Though speaking guardedly, murdered Reeva Steenkamp’s parents think the time is “not right” to release their daughter’s killer, Oscar Pistorius, on parole yet.
In a legal letter to Julian Knight, the disgraced Paralympian’s lawyer, June and Barry Steenkamp stated unequivocally … “we remain of the view that your client is not yet eligible for consideration for placement on parole…” – but indicated they “have been participating fully” in the parole process.
In a war of words, Knight accused the Steenkamps of “deliberately punishing” Pistorius – an allegation the Steenkamp’s lawyer, Tania Koen, “rejected with contempt”, saying her clients “instead of enjoying their advanced years with Reeva… find themselves [preparing] to meet their daughter’s killer face to face”.
Knight has subsequently apologised to the Steenkamps.
The pair, now well into their 70s, are preparing to complete a victim-offender dialogue (VOD) for his parole application.
“Questions about parole are premature as we are dealing with the VOD,” Koen said.
“There is no application as he does not apply. He becomes eligible after serving half his sentence.”
Law expert Dr Llewelyn Curlewis said the two attorneys “are threatening each other with defamation but this had nothing to do with Pistorius, the Steenkamps or the parole programme”.
Curlewis added they had to work around it because the parole application could not move forward without the victim-offender mediation process.

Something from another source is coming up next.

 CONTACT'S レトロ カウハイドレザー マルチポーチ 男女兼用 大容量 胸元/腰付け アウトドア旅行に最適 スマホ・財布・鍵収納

“After the mediation process, a recommendation is made by the family’s attorney to the board. Then the parole board had to decide if the recommendation outweighed their findings, but they weren’t bound to the recommendation,” he said.
Curlewis said the parole application of serving 50% of the sentence was to give the person who broke the law the opportunity to rehabilitate.

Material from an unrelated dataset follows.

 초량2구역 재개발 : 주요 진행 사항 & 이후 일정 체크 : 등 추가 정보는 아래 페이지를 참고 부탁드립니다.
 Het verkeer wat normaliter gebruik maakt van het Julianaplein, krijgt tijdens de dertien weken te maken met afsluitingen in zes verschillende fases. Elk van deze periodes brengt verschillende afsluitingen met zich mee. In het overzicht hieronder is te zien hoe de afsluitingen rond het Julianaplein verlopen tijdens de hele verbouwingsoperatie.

“In my opinion, criminals cannot be rehabilitated,” he added.
“Pistorius might be unsuccessful now, but who knows what will happen in a few months?”
Victimologist Professor Jaco Barkhuizen said parole should never be seen as a given.

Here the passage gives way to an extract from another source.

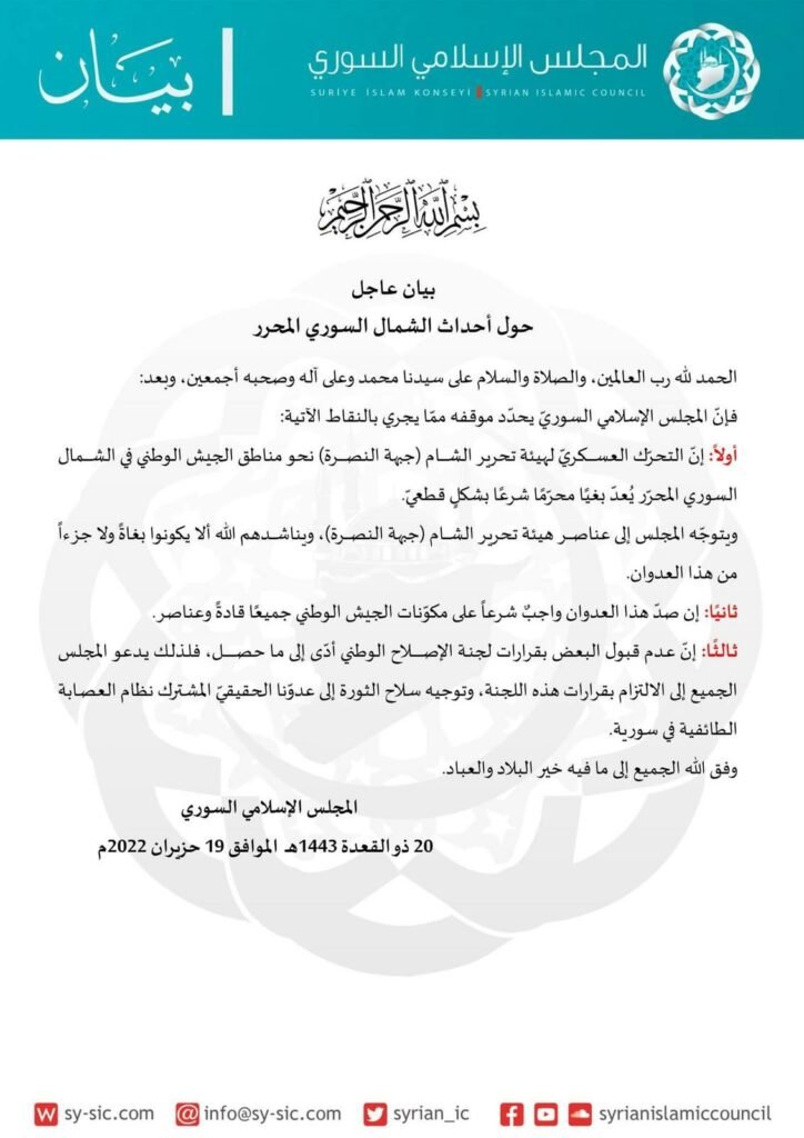وزارة الدفاع في الحكومة السورية المؤقتة أصدرت بياناً نوهت فيه على ضرورة الإحتكام لقرارات اللجنة الوطنية للإصلاح والإبتعاد عن الإحتكام للسلاح ورفض الإستعانة بأطراف من خارج المؤسسة العسكرية لتنفيذ أجندات غير ثورية، تزامن ذلك مع إصدار المجلس الإسلامي السوري بياناً اعتبر فيه التحرك العسكري لهيئة تحرير الشام نحو مناطق الجيش الوطني السوري محرماً بشكل قاطع وطالب جميع مقاتلي هيئة تحرير الشام أن لا يكونوا جزءً من هذه التوترات، وأكد أن صد الهجمات نحو مناطق الجيش الوطني واجب شرعي على جميع القادة والعناصر، وختم المجلس بضرورة توجيه سلاح الثورة نحو نظام الأسد بوصفه عدو السوريين الوحيد والمشترك.

“That is not the point of parole. All the factors should be considered, not just a date. We have to take the feelings and effects of releasing someone on parole would have on the family of the victim,” he said.
Barkhuizen added the VOD should start a year before parole was even an option.
“You cannot force the victim into a victim-offender dialogue. If the victim or the victim’s family feel they want to be part of the victim-offender dialogue, it’s rightly so their choice,” he said.
Criminologist Prof Anni Hesselink said each parole candidate’s application was measured on its own merits.
“The interests of the community have to be balanced with the offender’s circumstances,” She explained that the offender’s delayed parole application and the trauma of the process of being deprived of his support structure could not measure against what the victim’s family was going through.
Hesselink said Pistorius’ profile showed good behaviour in incarceration but added there were other incidents where he showed aggressive behaviour.
“One needs to weigh up the trauma of the victim and circumstance of the offender, ultimately the ball is in correctional services’ hands,” she said.
Hesselink said the victim’s family was still grieving and traumatised by the loss.
“Clearly it is a problem to come to the victim’s dialogue at the moment, which shows that they have not yet made peace with what happened,” she said.
Hesselink said it could be that they do not want to see him face to face because it would be a trauma for them again.